Yang Chow Fried Rice Recipe
- 2 cups cold, cooked white rice
- 3 tbs oil
- 1 small onion, peeled and chopped
- 3 cloves garlic, peeled and minced
- ½ cup Chinese BBQ pork, diced (you can substitute this with Chinese sausage)
- ¼ lb shrimp, peeled, deveined, and chop into smaller size
- ½ cup sweet peas, thawed
- 1 tbs + 1 tsp lite soy sauce or tamari sauce
- 2 green onions, finely chopped
- 2 eggs
- White pepper
- Heat the wok over medium high heat and add 1 tbs of oil. Add eggs, fold and scramble them gently. Set aside.
- Heat the wok now over high heat. Add another 1 tbs of oil, diced onion and garlic. Stir-fry until the onions are translucent. Next, add the pork and stir-fry for 2-3 minutes.
- Add shrimp to the wok and green peas, and cook for 30 seconds. Set aside.
- Heat the wok and add the remaining oil. Add rice and stir-fry for 2 minutes. Make sure to flatten out and break up any remaining rice clumps using wok spatula.
- Add the pork mixture and stir continuously for another 3 minutes until rice is heated through.
- Add the rice and stir-fry for 2 minutes, being sure to heat the rice uniformly. Use your wok spatula to flatten out and break up any remaining rice clumps.
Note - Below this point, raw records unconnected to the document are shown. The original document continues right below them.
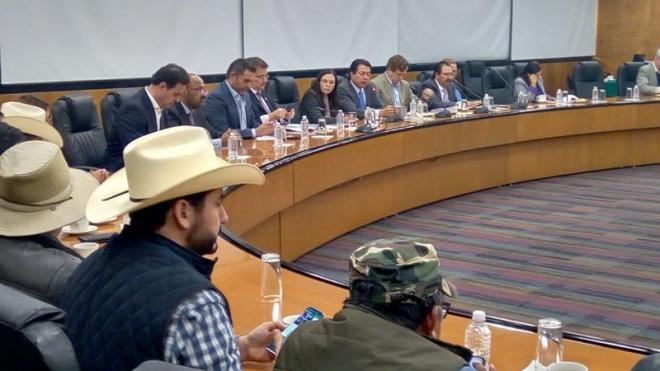 La diputada Presidenta , y el Presidente de la Jucopo Mario Delgado, así como los Coordinadores de las bancadas, dialogan y atienden en estos momentos a los representantes de organizaciones campesinas que se manifiestan en petición de mayores recursos para el campo.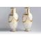 Paire de vases en porcelaine à décor émaillé or par Reissner, Stellmacher & Kessel estampillé dessous : Turn - Teplitz - Bohemia - R St K - Made in Austria bon état, petits manques de dorure, voir photos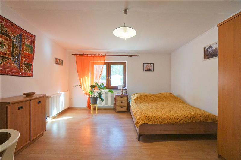 Na poddaszu: duża otwarta przestrzeń, obecnie wykorzystywana jako sypialnia.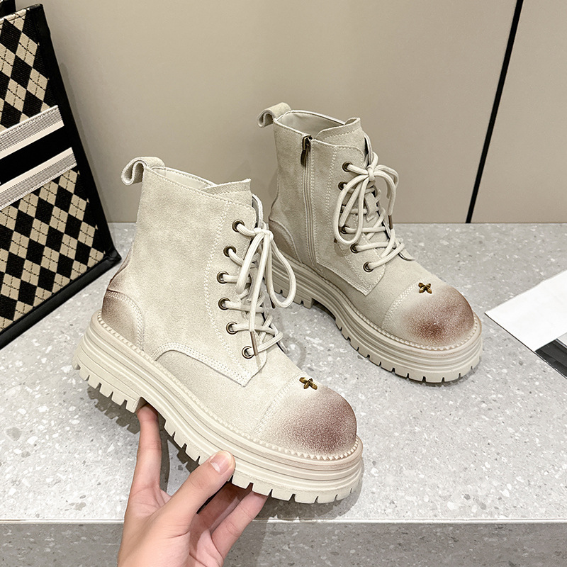 Главная страница > Ботинки Martin с толстой подошвы женщины осень 2024 новый кожаный ретро ревень сапоги тонкие металлические британские ботинки вентилятора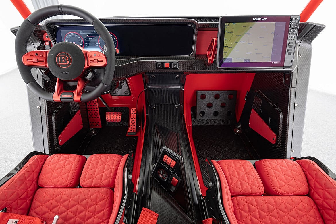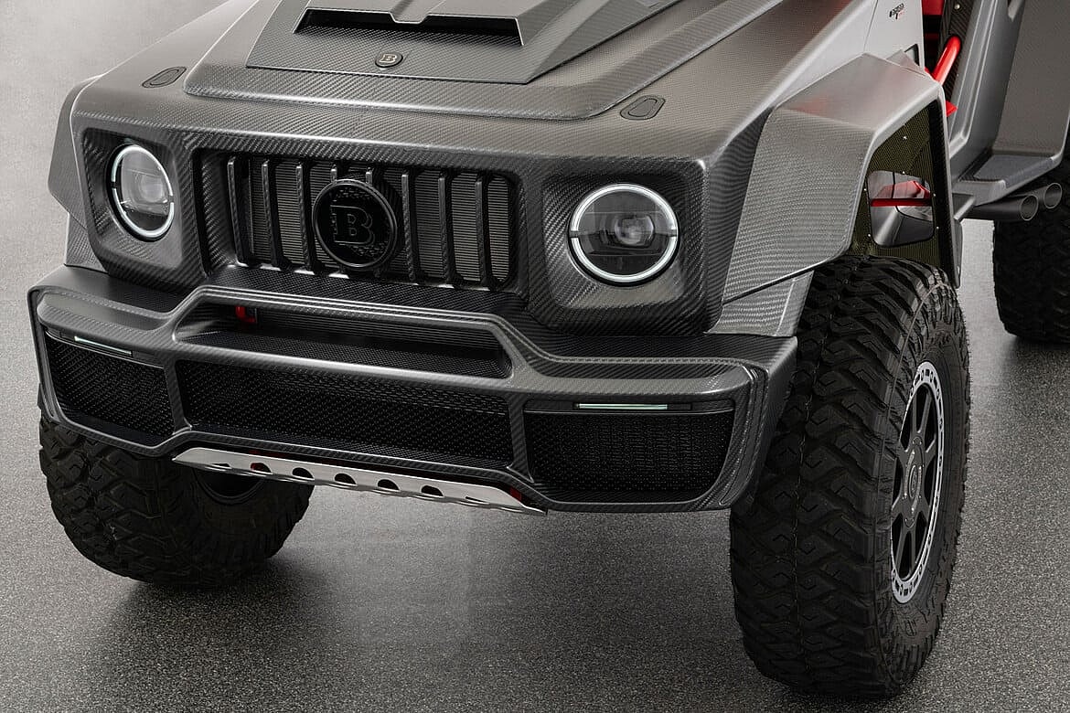 Like other uptuned based supercars and G-Wagons in the German tuner’s 900 series, the 900 Crawler runs an AMG twin-turbo V8 that Brabus has bumped up in displacement from 4.0 to 4.5 liters to achieve 900 horsepower, enough to hit 62 mph in 3.4 seconds. Torque and top speed have been limited to 774 pound-feet and 100 mph for good reasons relating to its purely off-road purview.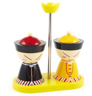 又該做飯了,每天面對(duì)鍋碗瓢盆的“交響曲”,最好能給廚房添點(diǎn)亮色來增加生活的情趣。這是一款古代古代主題加現(xiàn)代風(fēng)格的調(diào)味瓶,兩個(gè)小人都是調(diào)味瓶,帽子是蓋子,可旋轉(zhuǎn)打開,可分別放入不同的調(diào)味品。放入家中,絕對(duì)是一款精美的實(shí)用品、裝飾品。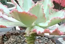 女王花笠,又名扇贝石莲花、女王花舞笠,是景天科拟石莲花属的多肉植物。由美国加利福尼亚州的育种师Dick Wright于1964年培育。特征是呈大波浪状褶皱的红色叶缘和气质高贵的粉紫色调。…全部>>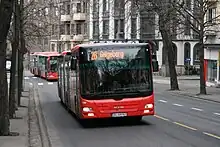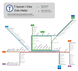 There is a comprehensive public transport system in Oslo, consisting of buses, trams, local trains, metro (T-bane) and boats. The public transport is planned and coordinated by Ruter. The five metro lines have numbers 1 through 5, the six tram lines have numbers 11 through 19, buses have labels from 20, while boats (ferries) are B1, B2 and so forth. Local trains operated by Vy are covered by Ruter ticket system. The local public transport of Oslo also covers the suburbs in Akershus, notably Bærum in the west, where the tram and metro cross the county line.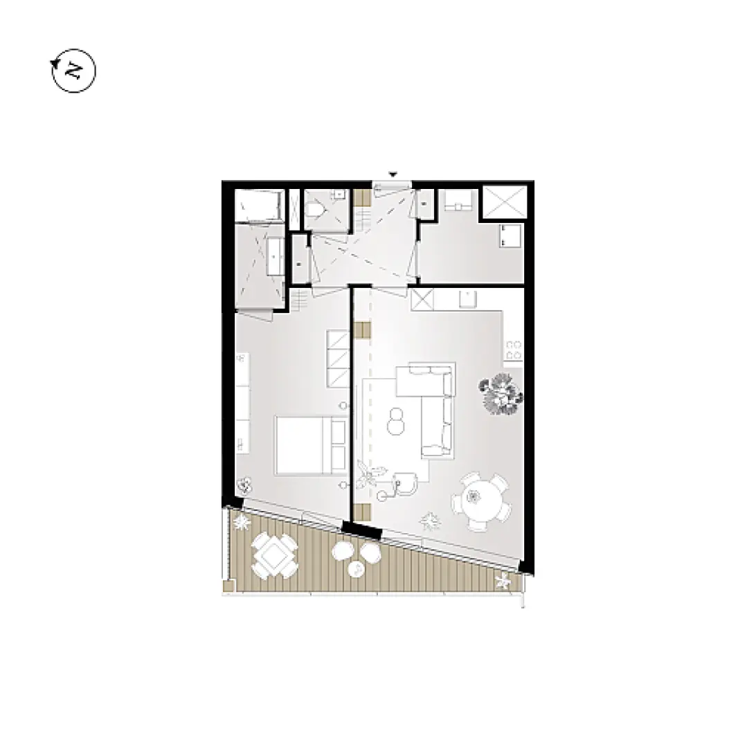 Het appartement heeft een oppervlakte van ongeveer 67 m² en is ingedeeld met een living met open hoekkeuken en een ruime slaapkamer met ensuite badkamer. In de berging heb je ruimte voor een wasmachine en wasdroger, kun je diverse spullen opbergen en staan de technische apparaten.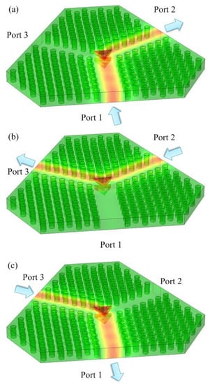Figure 5. (a) The power distribution in the PhC circulator at 26.35 GHz when signal incident from Port 1; (b) signal incident from Port 2; (c) signal incident from Port 3.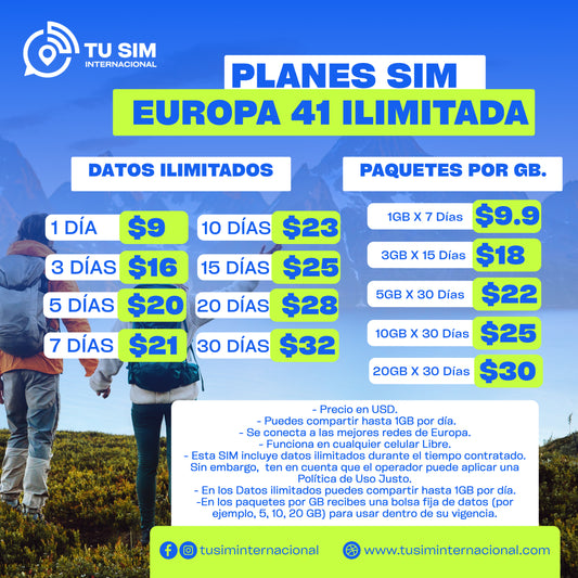 Cobertura internacional en decenas de países (más de 70, según el plan elegido). Consulta la lista específica en cada producto.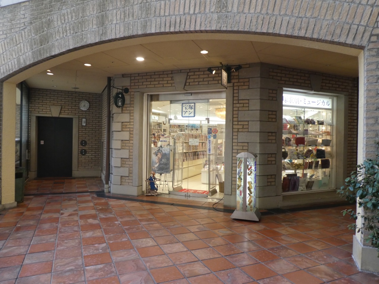 阪急宝塚駅から宝塚歌劇までの花のみちの道沿い、高層マンションの1~3階部分がちょっと張り出し、邸宅っぽくなってそこが商店街になっています。全体として南欧風の黄土色にオレンジの屋根のおしゃれな感じ。そう新しくはなさそうですが落ち着いた感じになっています。そして花の道から高架歩道で2階部分にもアクセスできるようになっていて、よく考えられています。2階に宝塚歌劇関係のショップがありました。それだけを対象に店が成立するんですね。昔のプログラムや「宝塚グラフ」などが売られていて懐かしかったです。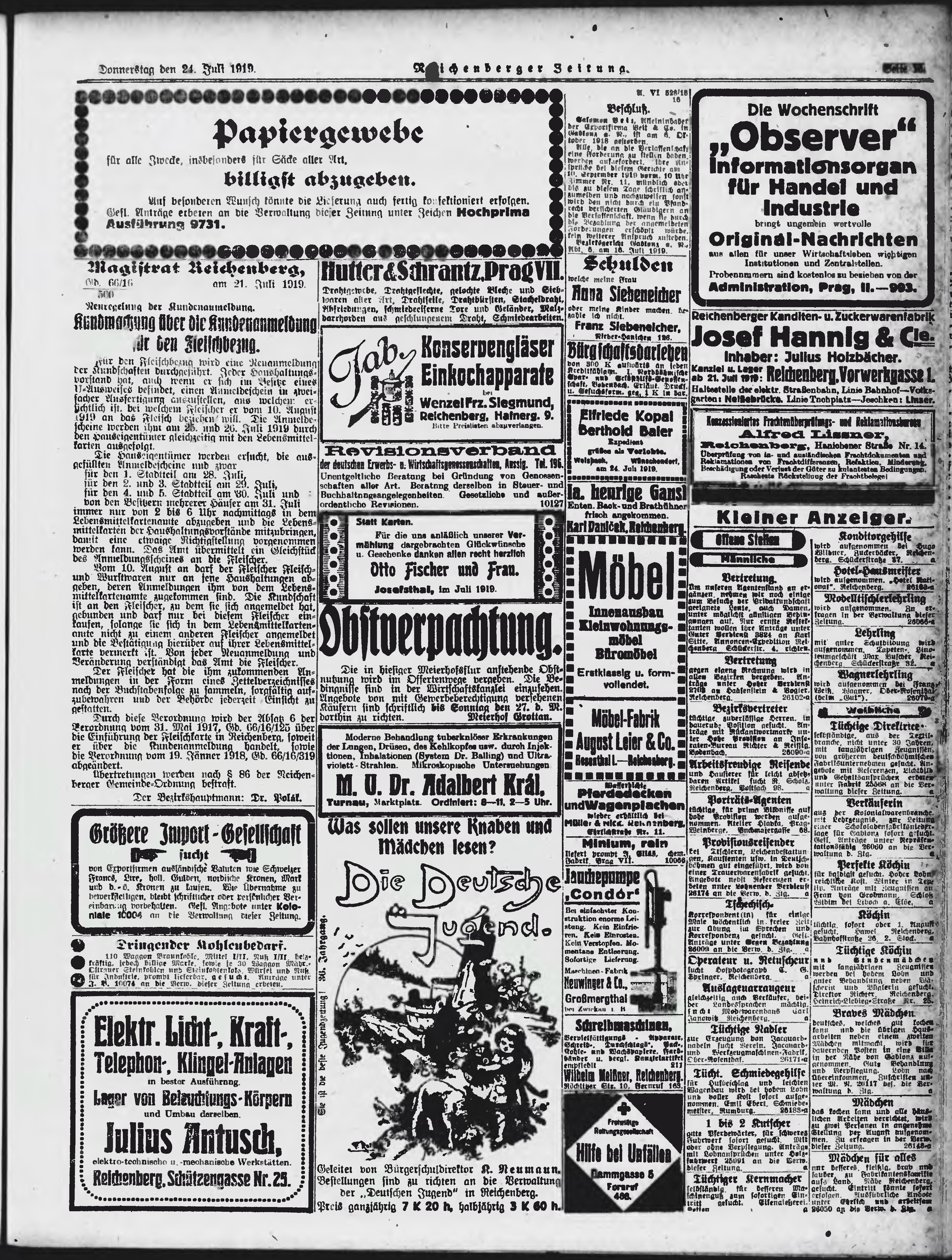 * Datum vydání výtisku: 24.7.1919 Číslo výtisku: 170 Poznámky k výtisku: ranní vydání;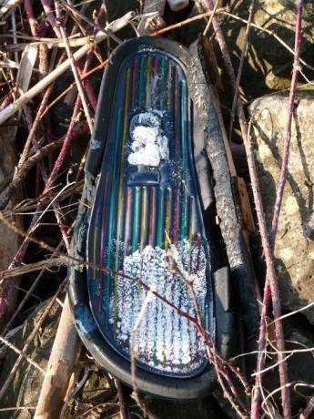 Latschen mit bunten Längsstreifen und fehlendem Querriemen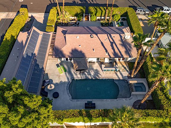 A Polynesian Alexander Pool Home On Fee Land In The Heart Of Central Palm Springs. Located in the Oasis Del Sol neighborhood, this beautiful and upgraded Alexander homes features a three bedroom & two bath main home plus a detached guest house featuring a living room with full kitchen plus bedroom & bathroom. The west facing backyard is lined with a mature ficus hedge giving ultimate privacy along with a beautiful view of those San Jacinto Mountains. Backyard features an extended pool with tanning deck, spa and great outdoor kitchen area. The main house has a spacious living room, kitchen opening to the dining room plus an en suite master bedroom, two guest rooms and a guest bathroom. The guest house has a recently renovated kitchen plus newly remodeled bathroom. Enjoy total privacy and great additional security as the home is a compound with a walled in courtyard at the front. Inside Laundry. Leased Solar for affordable energy costs. Oasis Del Sol neighborhood is located just minutes from downtown Palm Springs and all of it's great restaurants, shopping and the casino. Call me today to see this incredible property.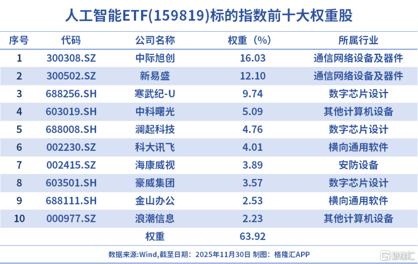比如今年来备受资金青睐的覆盖AI全产业链的人工智能ETF(159819),其成份股包括中际旭创、新易盛、寒武纪、中科曙光、澜起科技等通信设备、芯片半导体、服务器等环节的核心龙头。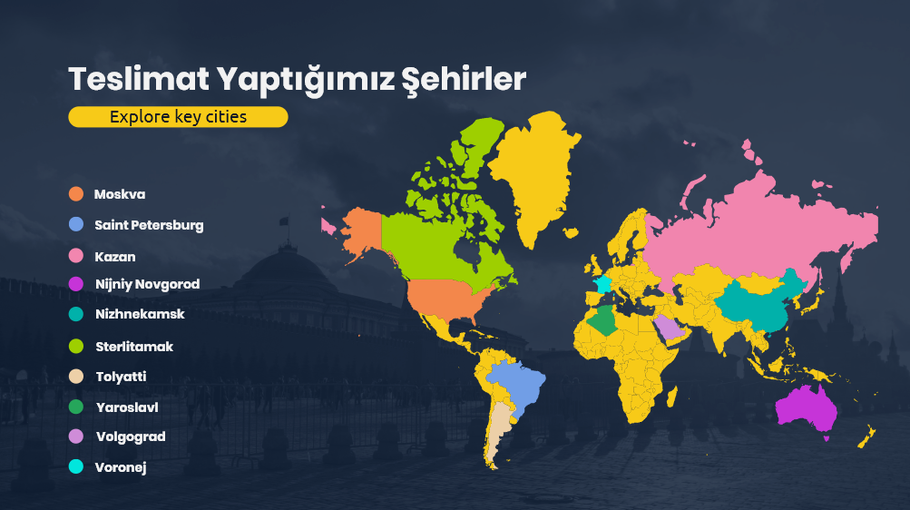Moskova, Saint Petersburg, Kazan, Nijniy Novgorodi, Nizhnekamsk, Sterlitamak, Tolyatti, Yaroslavl, Volgograd, Voronej, Omsk, Yekateringburg, Krasnoyarsk, Rostov-na-Donu, Novosibirsk, Voronej, Çelyabinsk

- Add the shrimp and peas, and stir fry continuously for another 2 minutes until the rice is heated through.
- Add soy sauce and adjust seasoning with salt. Mix everything to ensure the seasonings are uniformly incorporated. If the rice a little dry, sprinkle in some water or a touch of sesame oil.
- Add in the scrambled eggs, scallions, and white pepper. Stir fry to combine and serve.